• _Task_
Only the lines below from the one that contains "金蟬之殼是罕見的金色蟬成長後留下的殼。交給某位人物即可依數量獲得相應的報酬。" through the one that contains "Eleganckie pudełko przewiązane" should appear in your answer, exact and without pictures.

• _Entries provided_
*****
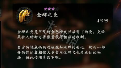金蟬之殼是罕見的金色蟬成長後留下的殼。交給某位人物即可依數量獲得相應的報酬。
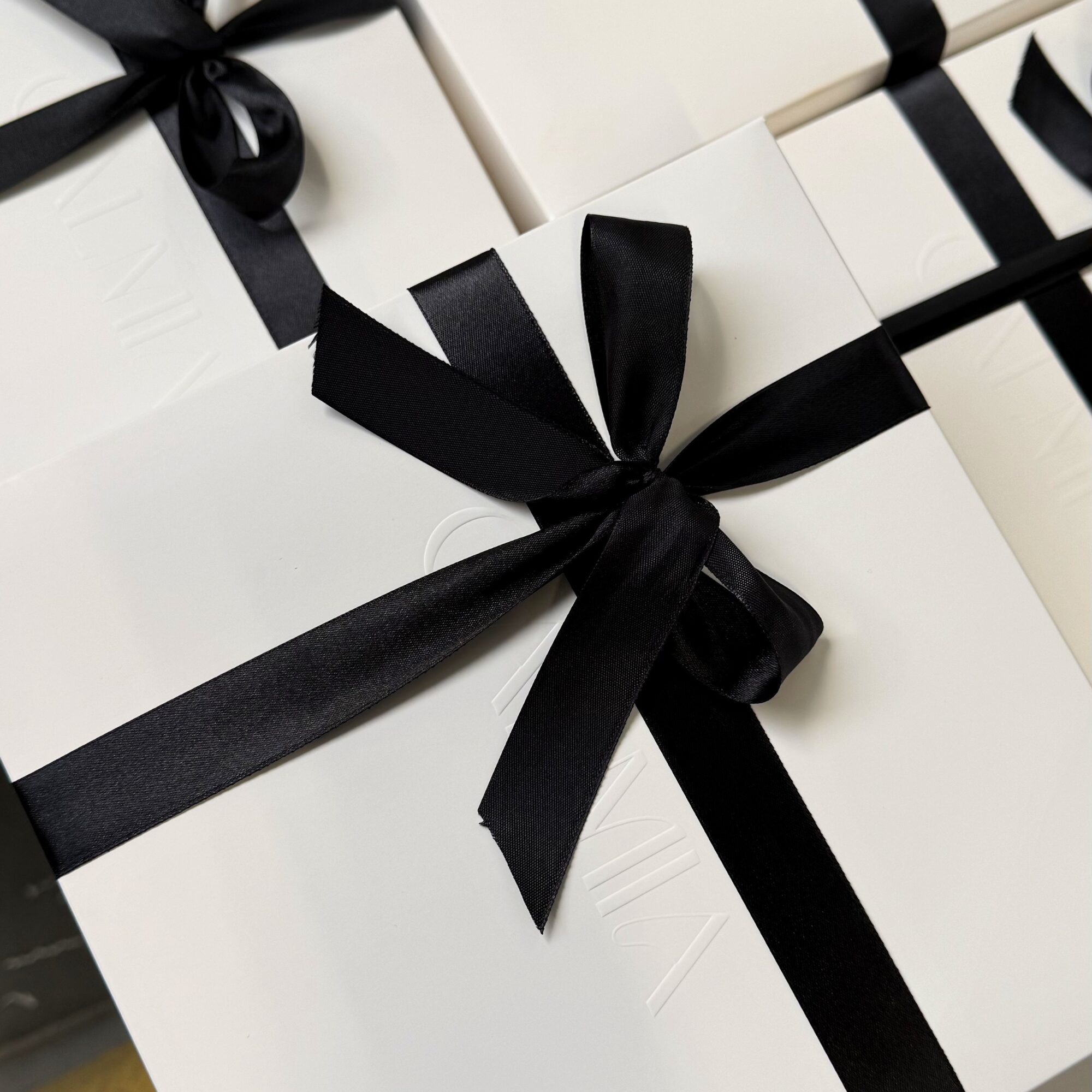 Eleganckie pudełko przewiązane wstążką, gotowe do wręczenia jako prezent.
*****
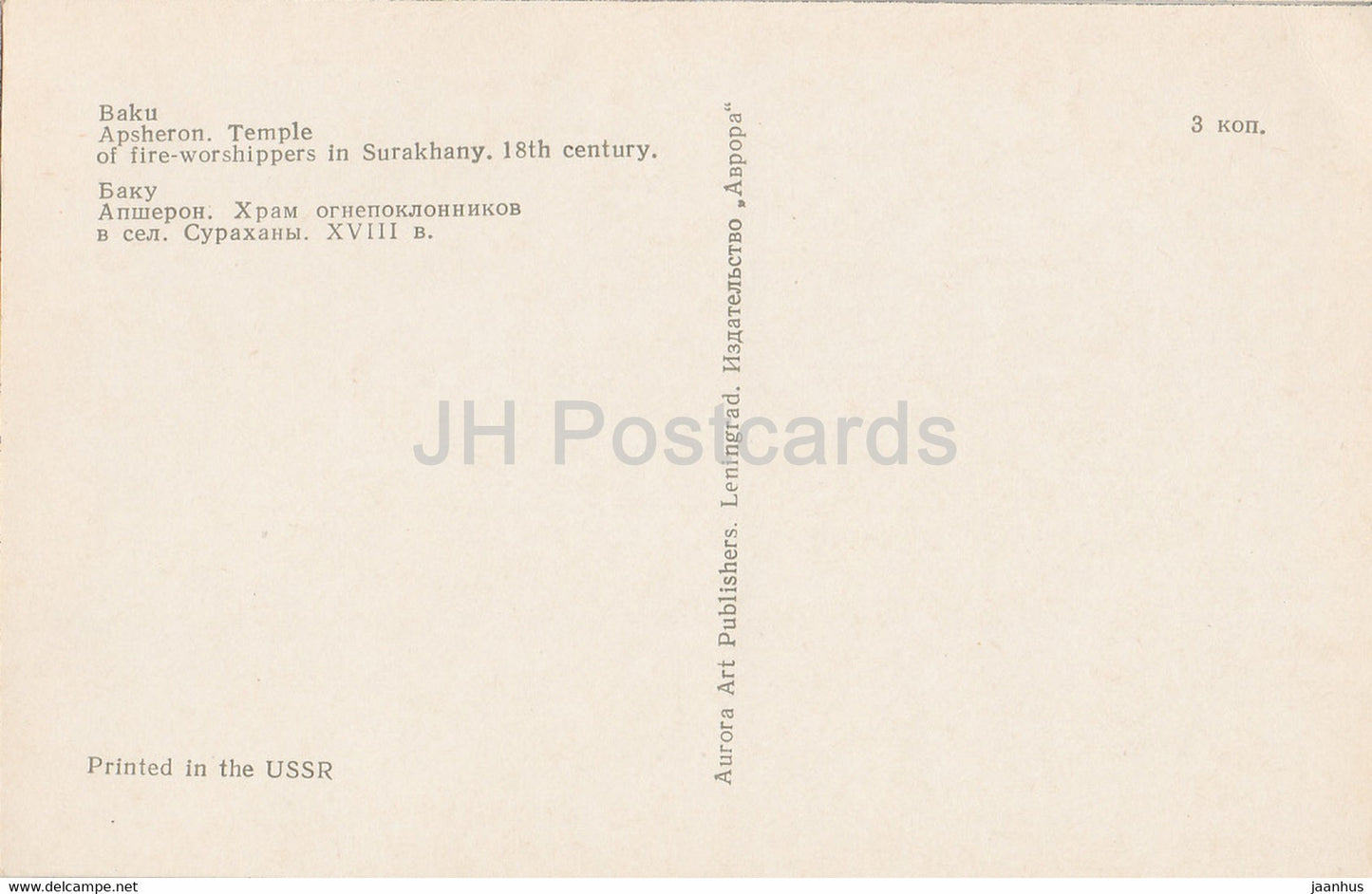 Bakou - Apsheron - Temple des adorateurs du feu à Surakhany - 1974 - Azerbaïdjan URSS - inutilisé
*****
• _Exercise answer_
金蟬之殼是罕見的金色蟬成長後留下的殼。交給某位人物即可依數量獲得相應的報酬。
 Eleganckie pudełko przewiązane wstążką, gotowe do wręczenia jako prezent.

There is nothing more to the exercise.